Ahora que pasaron las elecciones presidenciales en Estados Unidos y que sabemos quién es el ganador, conviene revisar las propuestas de Trump en materia de educación superior. Son, en buena medida, un ejemplo de lo que se espera para la agenda educativa en su conjunto. Hace una semana publiqué un artículo sobre cómo el futuro gobierno de Trump podría destruir la educación superior de Estados Unidos como la conocemos. Sostengo mis observaciones, pero también reconozco la necesidad de ser más específico. Así que leí todo lo que pude sobre los planes de Donald Trump para la educación superior. Identifico tres metas principales.
- Elevar el costo de los préstamos estudiantiles y hacerlos más lucrativos para quienes los otorgan.

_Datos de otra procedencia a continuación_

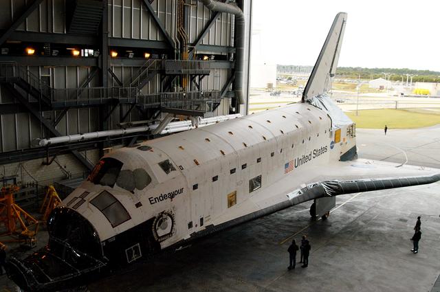 KENNEDY SPACE CENTER, FLA. -- Endeavour rolls into the Vehicle Assembly Building (VAB) for temporary storage. The orbiter has been moved from the Orbiter Processing Facility (OPF) to allow work to be performed in the OPF that can only be accomplished while the bay is empty. Work scheduled in the OPF includes annual validation of the bay’s cranes, work platforms, lifting mechanisms and jack stands. Endeavour will remain in the VAB for approximately 12 days, then return to the OPF.

- Reducir los criterios de calidad y rendición de cuentas, o de plano eliminarlos
- Campus menos tolerantes
Mi evaluación está basada, de manera principal pero no exclusiva, en las políticas para el Departamento de Educación del Proyecto 2025, elaborado por la Heritage Foundation, uno de los más influyentes think tanks de derecha. El documento se presentó como el proyecto político de la campaña y ha sido difundido como la arquitectura de la política pública del presidente electo.
Los asesores de Trump seguramente no compartirán mis consideraciones sobre su contenido. Mi caracterización está basada en las posibles consecuencias de las políticas que proponen; las describo a continuación.

Elevar el costo de los préstamos estudiantiles y hacerlos más lucrativos para quienes los otorgan
Los puntos específicos sobre estos temas son:
- Privatización federal de los préstamos estudiantiles
- Eliminación de todos los planes para perdonar los préstamos estudiantiles
- Exposición de los préstamos a tasas comerciales
- Renovación de los planes de pago a partir del ingreso
El punto central es que los préstamos para asistir a la universidad serán más caros. Un análisis del Centro para el Progreso Americano (CAP por sus siglas en inglés) encontró que, si el plan republicano se implementa, una persona promedio que pida un préstamo para estudiar una licenciatura pagará unos 4000 dólares adicionales.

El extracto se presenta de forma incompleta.